仲間たちに商品をさばき、パーティに顔を出す。先週星華に逢ったパーティでは、つい彼女のすがたを捜してしまった。ポップコーンみたいに弾けた紡麦と別れると、いないかなあとあの悪ガキな格好を求めて、踊る人波をかいくぐる。
すると、突然背後から口をふさがれ、こめかみに何か突きつけられた。
「手を上げろ」
右こめかみに刺さるものは、拳銃の人差し指だ。僕は咲って手を上げると、あのなめらかな匂いの頭を肩に抱きこむ。背中に胸の弾力が跳ね、右肩に顔を出したのは、無論星華だ。

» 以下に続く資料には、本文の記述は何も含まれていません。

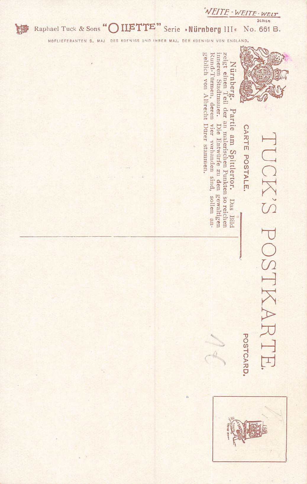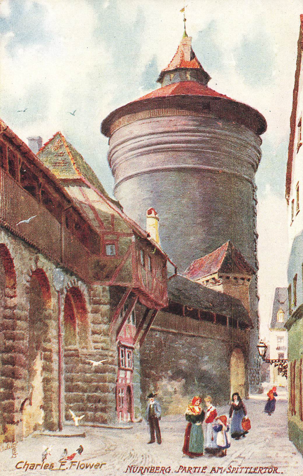 Nürnberg Spittlertor Künstlerkarte Charles F. Flower Tucks Oilette * um 1910

「遅かったね」と彼女は僕の腰にベルトみたいに両腕をまわし、「まあね」と僕は星華の曲線的な顎に頬をあてる。彼女の顎は温かいけど、僕の頬は冷たい。
「来る前にちょっとバイトしてきた」
「売人?」
「あれ、言ったっけ」
「人に聞いた。本当なの?」
「まあね。何か欲しい?」
「ううん、始めるとやりすぎるから、あんましないの。そっちもしらふだね」
「今んとこは」
「今からするの」
僕は肩をすくめた。星華に会えなければ、やるつもりだった。が、何だかそれは恥ずかしくて言いたくない。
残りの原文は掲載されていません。